Leaving out every picture, retype the lines below from the top through the one that contains "伝説のあだ名 | 『伝説のスナイパーうえすぎみゆ』 |".

Data entries |
____

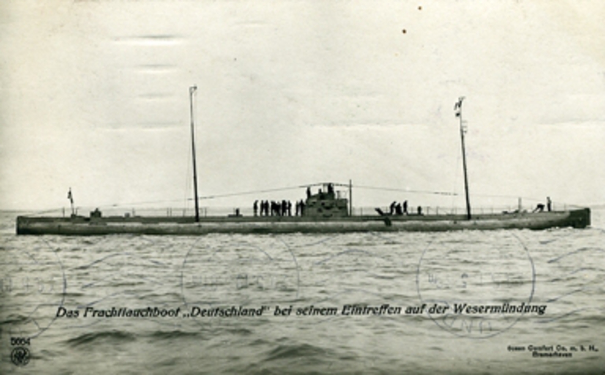 Tyska handelsubåten DEUTSCHLAND vid floden Wesers mynning. Vykort.
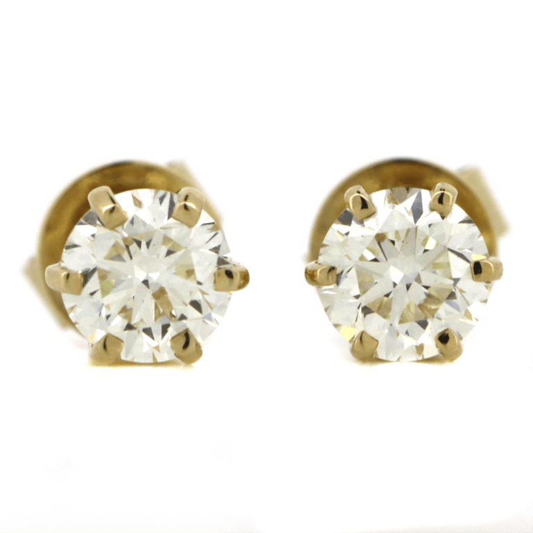 14K YELLOW GOLD, 1.01CT TDW DIAMOND, STUD EARRINGS.
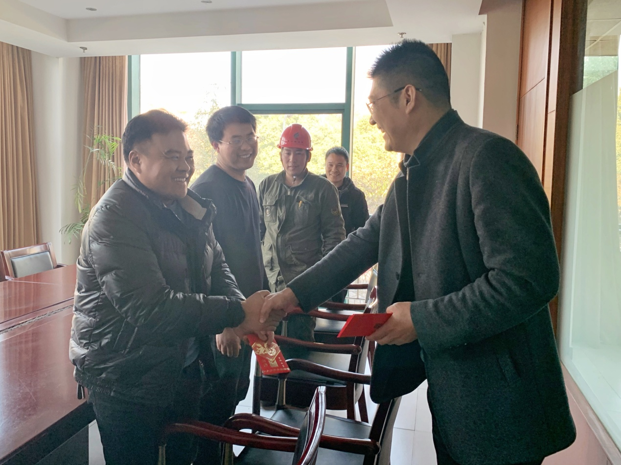 工程公司在集团的带领下积极响应此次行动,倡导和保障外来务工人员在杭过大年,并通过企业申报争取该项福利。1月29日下午,公司党支部书记、总经理冯其栋和工会主席管志鸿代表两级组织对15名符合条件的非浙江户籍春节期间不返乡员工进行慰问,对各位舍小家、顾大家的崇高精神表示感谢,并向每人发放1000元“在杭大红包”。
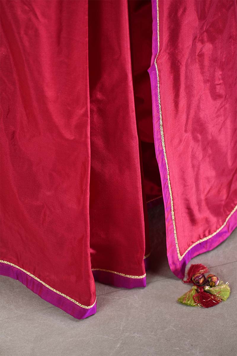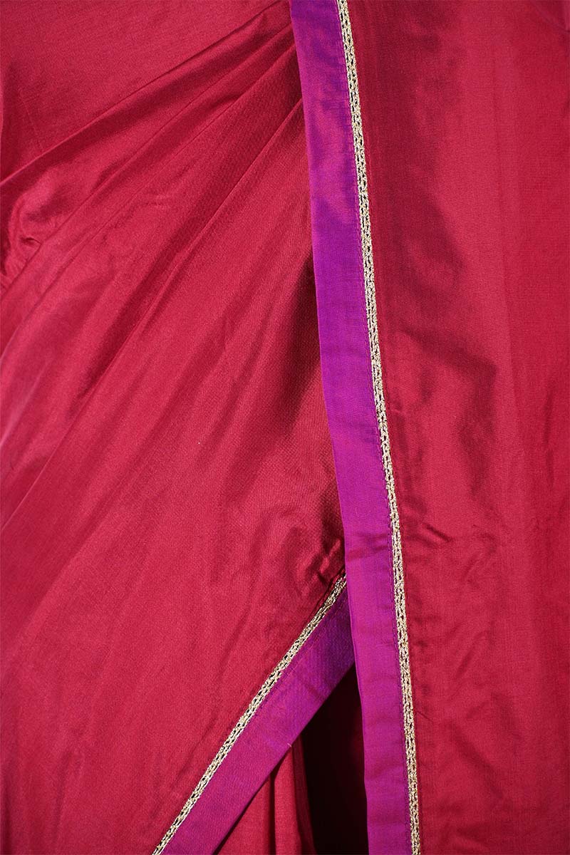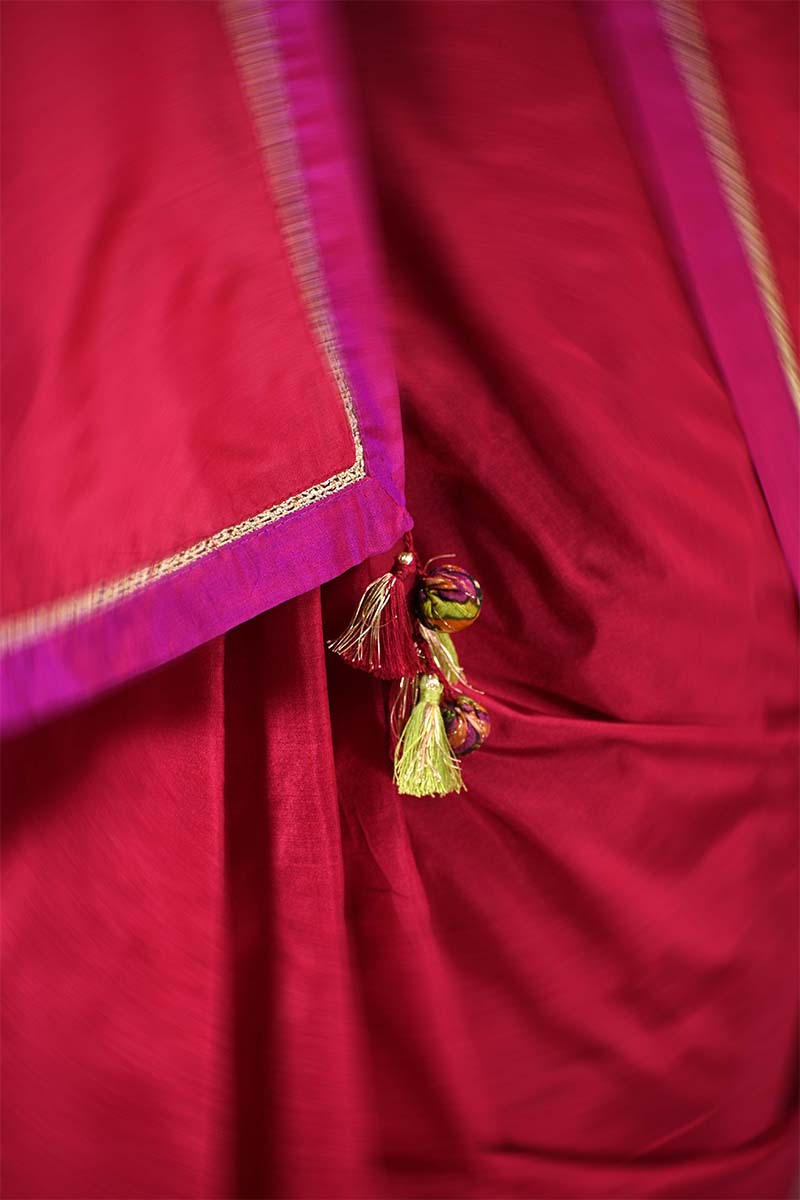 • Purple narrow border with golden zari piping; pallu corners finished with potli tassels
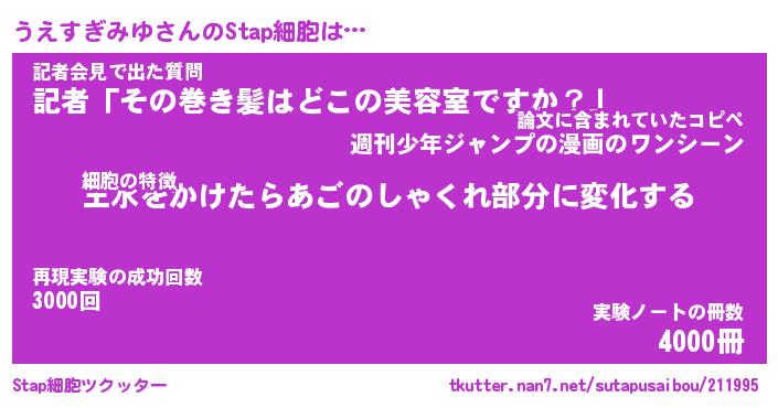 | 伝説のあだ名 | 『伝説のスナイパーうえすぎみゆ』 |
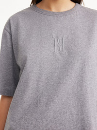 A classic T-shirt, such as the Fayeh design, will last beyond seasons. Made in organic cotton, the T-shirt features an embroidered monogram on its front. Wear yours with everything from miniskirts to tailored trousers and jeans. - Loose fit - Model is 174 cm and is wearing a size S - Embroidered monogram - Wide sleeves - Round neckline DETAILS COLOUR Grey Melange COMPOSITION 100% cotton organic CARE Delicate machine wash at 30°c PRODUCT CODE Style #102154T5M
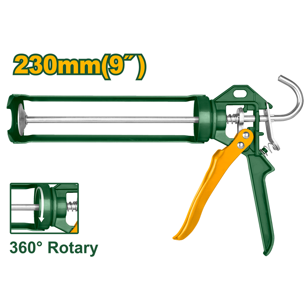 Su diseño cuenta con un mango ergonómico y un gatillo de alta sensibilidad que reduce la fatiga en la mano durante usos prolongados. El sistema de varilla lisa permite un avance fluido del cartucho, mientras que el freno de liberación rápida detiene el flujo de sellador de manera instantánea, asegurando cortes limpios y precisos. Es la herramienta ideal para aplicar siliconas, poliuretanos y adhesivos de montaje en aberturas, sanitarios y juntas de dilatación con un acabado de nivel industrial.

____

RESPONSE |
 Tyska handelsubåten DEUTSCHLAND vid floden Wesers mynning. Vykort.
 14K YELLOW GOLD, 1.01CT TDW DIAMOND, STUD EARRINGS.
 工程公司在集团的带领下积极响应此次行动,倡导和保障外来务工人员在杭过大年,并通过企业申报争取该项福利。1月29日下午,公司党支部书记、总经理冯其栋和工会主席管志鸿代表两级组织对15名符合条件的非浙江户籍春节期间不返乡员工进行慰问,对各位舍小家、顾大家的崇高精神表示感谢,并向每人发放1000元“在杭大红包”。
 • Purple narrow border with golden zari piping; pallu corners finished with potli tassels
 | 伝説のあだ名 | 『伝説のスナイパーうえすぎみゆ』 |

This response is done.